Aromalpes, entrepreneur(e) et l’art du multi-activités en montagne

Posted by on 10 Nov 2018

Aromalpes, entrepreneur(e) et l’art du multi-activités en montagne

Au détour d’un virage à Leysin,  on découvre une vitrine décorée de bois et flacons noirs et une jeune femme qui vous accueille avec le sourire. Florence Liardet nous fait découvrir son magasin d’aromathérapie, un domaine très tendance depuis quelques années. Elle nous rappelle aussi qu’un entrepreneur est souvent un “slasher”, c’est-à-dire une personne jonglant entre plusieurs emplois pour composer un salaire.

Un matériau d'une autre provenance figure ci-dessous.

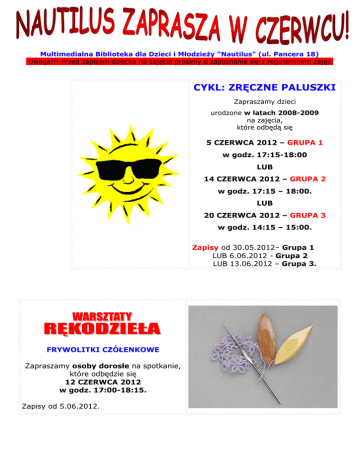 Multimedialna Biblioteka dla Dzieci i Młodzieży "Nautilus" (ul. Pancera 18) Uwaga!!! Przed zapisem dziecka na zajęcia prosimy o zapoznanie się z regulaminem zajęć. CYKL: ZRĘCZNE PALUSZKI Zapraszamy dzieci urodzone w latach 2008-2009 na zajęcia, które odbędą się 5 CZERWCA 2012 – GRUPA 1 w godz. 17:15-18:00 LUB 14 CZERWCA 2012 – GRUPA 2 w godz. 17:15 – 18:00. LUB 20 CZERWCA 2012 – GRUPA 3 w godz. 14:15 – 15:00. Zapisy od 30.05.2012– Grupa 1 LUB 6.06.2012 - Grupa 2 LUB 13.06.2012 – Grupa 3. FRYWOLITKI CZÓŁENKOWE Zapraszamy osoby dorosłe na spotkanie, które odbędzie się 12 CZERWCA 2012 w godz. 17:00-18:15. Zapisy od 5.06.2012. CYKL: Zabawy Teatralne Zapraszamy dzieci urodzone w latach 2002-2005 na zajęcia, które odbędą się 13 CZERWCA 2012 w godz. 16:00 – 17:00. Zapisy od 6.06.2012. Z NAUTILUSEM PRZEZ CAŁY ROK DZIEŃ TATY Zajęcia literacko – plastyczne dla dzieci urodzonych w latach 2003-2007. Zapraszamy 21 CZERWCA 2012 w godz. 17:15-18:15. Zapisy od 14.06.2012. LITERACKIE ŚRODY Zapraszamy miłośników poezji na spotkanie, które odbędzie się 27 CZERWCA 2012 w godz. 17:00 – 18.00. Słówkowo – to i owo o słowie Zapraszamy dzieci urodzone w latach 2001-2004 do wzięcia udziału w zabawach językowych, które odbędą się 28 CZERWCA 2012 w godz. 17:00 – 18:00. Zapisy od 21.06.2012.
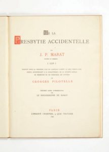 De la Presbytie accidentelle, par J.-P. Marat, docteur en Médecine (1776). Traduit pour la première fois de l'anglais d'après le seul exemplaire connu, appartenant à la Bibliothèque de la Société Royale de Médecine et de Chirurgie de
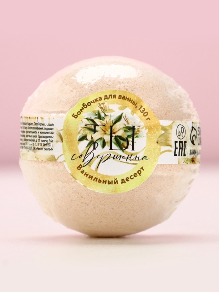 Бомбочка для ванны «Ты совершенна!», 130 г, аромат ванильного десерта, ЧИСТОЕ СЧАСТЬЕ
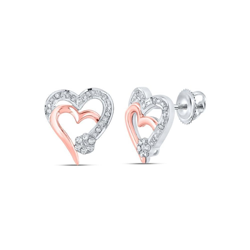 10kt Two-tone Gold Womens Round Diamond Heart Earrings 1/6 Cttw
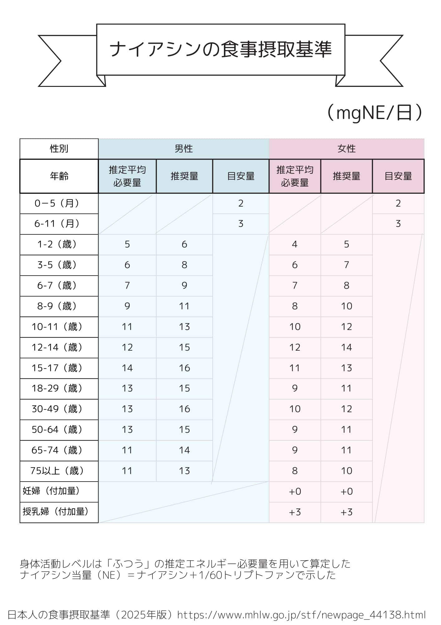2025年版ナイアシンの推奨摂取量(日本人の食事摂取基準)
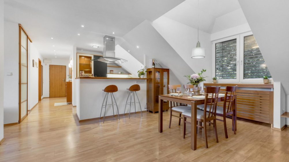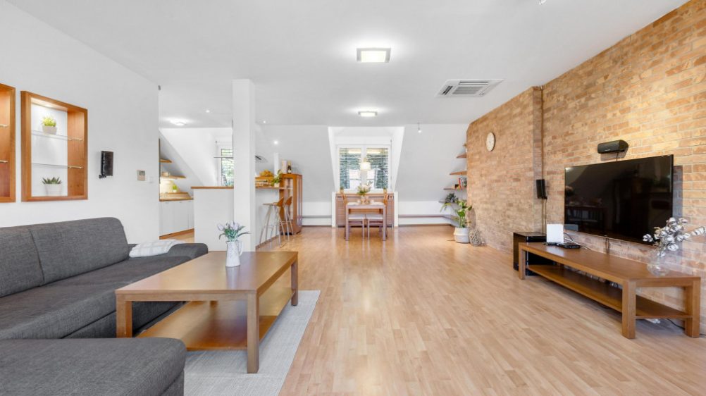 This spacious attic apartment with excellent layout and atmosphere is an ideal solution for those who desire an unconventional, airy, and bright space, an excellent location, and full civic amenities literally under the windows.
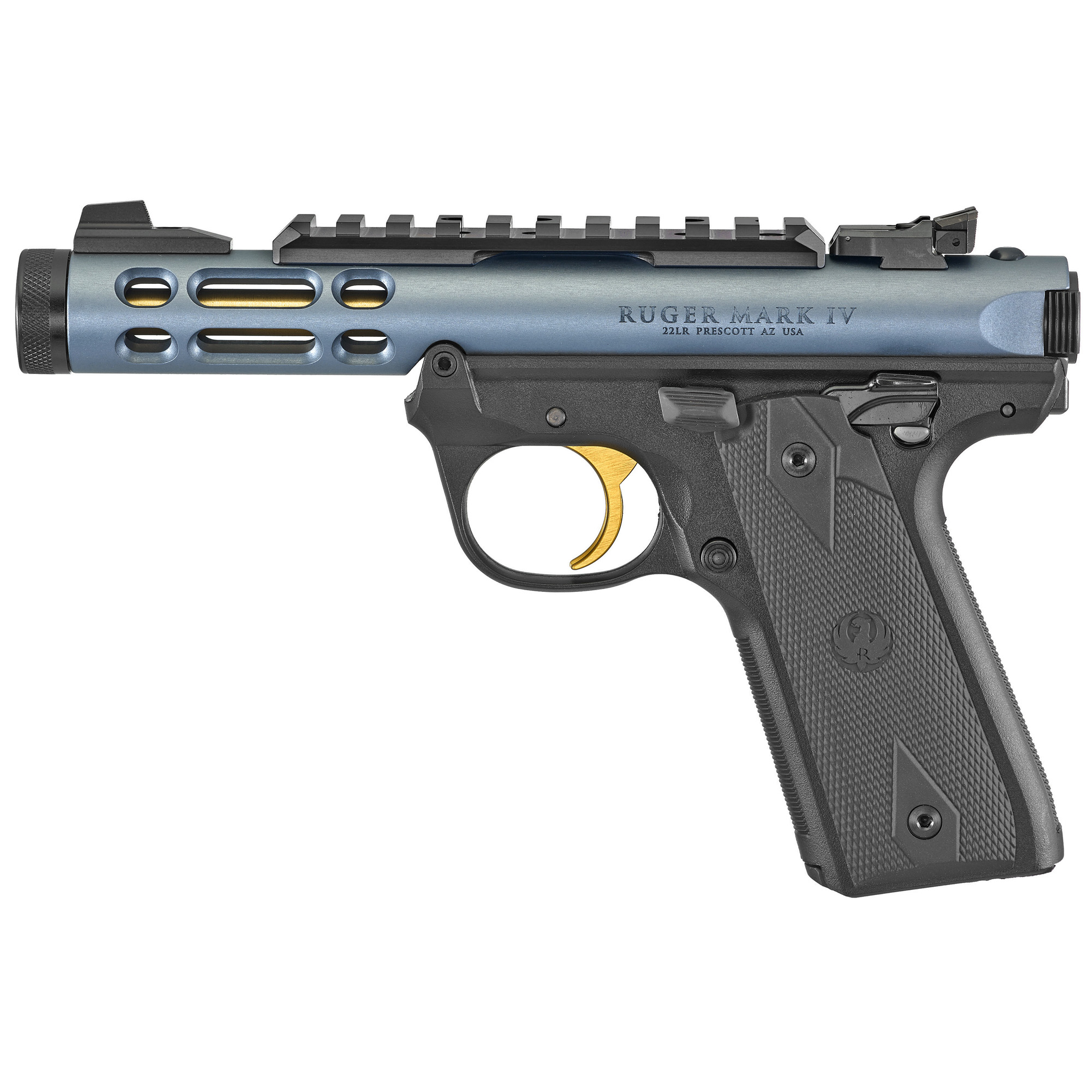 The Mark IV features a simple, one-button takedown for quick and easy field-stripping. Features a lightweight, ventilated, aerospace-grade aluminum receiver and a tensioned stainless steel barrel; contoured ejection port; an adjustable rear sight and a factory-installed Picatinny rail for easy mounting of optics; ambidextrous manual safety can be converted to left-side only with included washer; conveniently located push-button magazine release on the left side of the frame; Includes two magazines.

Bonjour Florence, ravie de faire votre connaissance. S’il fallait vous décrire en 60 secondes, que diriez-vous ?

Je suis une vraie fille de la vallée des Ormonts, infirmière et j’ai 2 enfants adolescents. J’ai beaucoup crapahuté dans cette vallée, j’aime le ski, le snowboard, le vélo, la nature. J’ai travaillé dans le tourisme, puis me suis tournée vers les soins.

Je suis quelqu’un de positif, empathique, sociable, indépendante et je déteste l’injustice.

J’adore voyager et découvrir d’autres horizons, notamment en Inde et j’aimerais retourner en Afrique. J’aime partir, mais j’adore aussi revenir dans mes montagnes pour me ressourcer.

Se ressourcer, c’est une des raisons pour lesquelles vous êtes attachée à la région ?

Oui, j’y ai toujours vécu. C’est mon coin de paradis. J’aime être dans la forêt et avoir la vue sur nos belles Alpes !

Revenons à des choses plus terre-à-terre ; que faites-vous comme travail ?

Je navigue entre trois boulots actuellement. Aromalpes évidemment mais je suis aussi infirmière de garde pour l’école japonaise à Leysin (Kumon) et fais aussi partie d’un projet pilote à Lausanne pour désengorger les urgences et permettre un premier diagnostic dans les pharmacies grâce à des infirmières.

Intéressant, ce projet pilote avec la pharmacie comme point d’entrée plutôt que l’hôpital ou la permanence médicale. Pouvez-vous en dire un peu plus ?

En fait, ce sont des infirmières expérimentées qui travaillent avec des médecins référents et un outil informatique. En interrogeant le patient, nous complétons un formulaire qui permet de faire une première anamnèse. Nous avons ensuite un téléphone avec un médecin pour confirmer ou affiner le diagnostic et le patient peut ensuite repartir avec un traitement adéquat ou être redirigé vers d’autres services de santé. Les infirmières, notamment celles qui ont pratiqué les urgences, ont l’avantage d’être expérimentées avec des pathologies très diverses et ont l’habitude d’ausculter les patients. C’est un projet très intéressant et enrichissant et qui propose une alternative à l’engorgement des permanences ou la pénurie de médecins de famille.

Je comprends que vous aimez la nature et aimez apporter des soins, mais comment êtes-vous venue à l’aromathérapie ?

En fait, par hasard. En un jour, j’ai lu la bible d’aromathérapie de Danielle Festy et est trouvé ça intriguant. Ensuite, j’ai acheté les huiles essentielles de thym linalol et de l’eucalyptus radié. Première réaction quand j’ouvre les flacons : ça sent comme certains médicaments allopathiques. Je commence à tester sur mes enfants et ça marche magnifiquement. Peu à peu, je prépare des synergies pour mon entourage.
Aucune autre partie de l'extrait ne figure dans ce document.